When thank you feels unnatural, it shows we have an opportunity to bring meaning back to our member conversations.
I don’t believe in scripts as a way to train a skill or teach someone how to speak to members. I do believe in structuring the purpose behind the conversation though.
Over the past couple of weeks, while working on this structure with the frontline around account opening, something started to show.
It is very simple. We have been roleplaying the first two to five minutes of the interaction over and over again. Greeting. Introduction. Then thanking the member. With just a little more after that. But to my surprise, everyone struggled with the thank you.

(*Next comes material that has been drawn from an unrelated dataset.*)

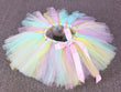Le tutu est conçu en tissu voilage multicolore. Il a une coupe évasée et patineuse, une taille élastique pour un ajustement précis et un joli noeud confectionné avec un ruban rose est centré à sa taille. Le serre-tête licorne est doté d'une corne bleu ciel, de deux oreilles dorées à bordures blanches et d'une couronne florale multicolore. Il est disponible pour tous les âges.

I even had a team member say, “I know we should be doing this, but I don’t know why it is so hard.”
This caught me off guard.
I believe we should show appreciation to a member for coming into our credit union and giving us the opportunity to be their financial partner. Because of that, we should thank them.
“Thank you for choosing Illinois State Credit Union and allowing us the opportunity to be your financial partner.”
Everyone can make that sentence their own.
But watching how unnatural it felt for people to simply say thank you was eye opening. It almost felt foreign. It felt like thank you had become a passing gesture with no meaning behind it.
And that is what surprised me the most. We say thank you all the time. At the end of transactions, in passing, as habit. But when we slow it down, look someone in the eye, and intentionally say it with meaning, it becomes difficult.
Why?
People want to feel appreciated. They want to feel valued. We value every single member. But when it comes to expressing that verbally through a simple thank you, it suddenly becomes uncomfortable.
That surprised me. It also reassured me that we are working on the right things.
If something as simple as thank you feels unnatural, then we have an opportunity. An opportunity to be more intentional. An opportunity to bring meaning back to words we use every day.
Thank you is underused. And when it is used, it is often undervalued in the delivery.
I am excited to see value brought back to those two powerful words inside our credit union.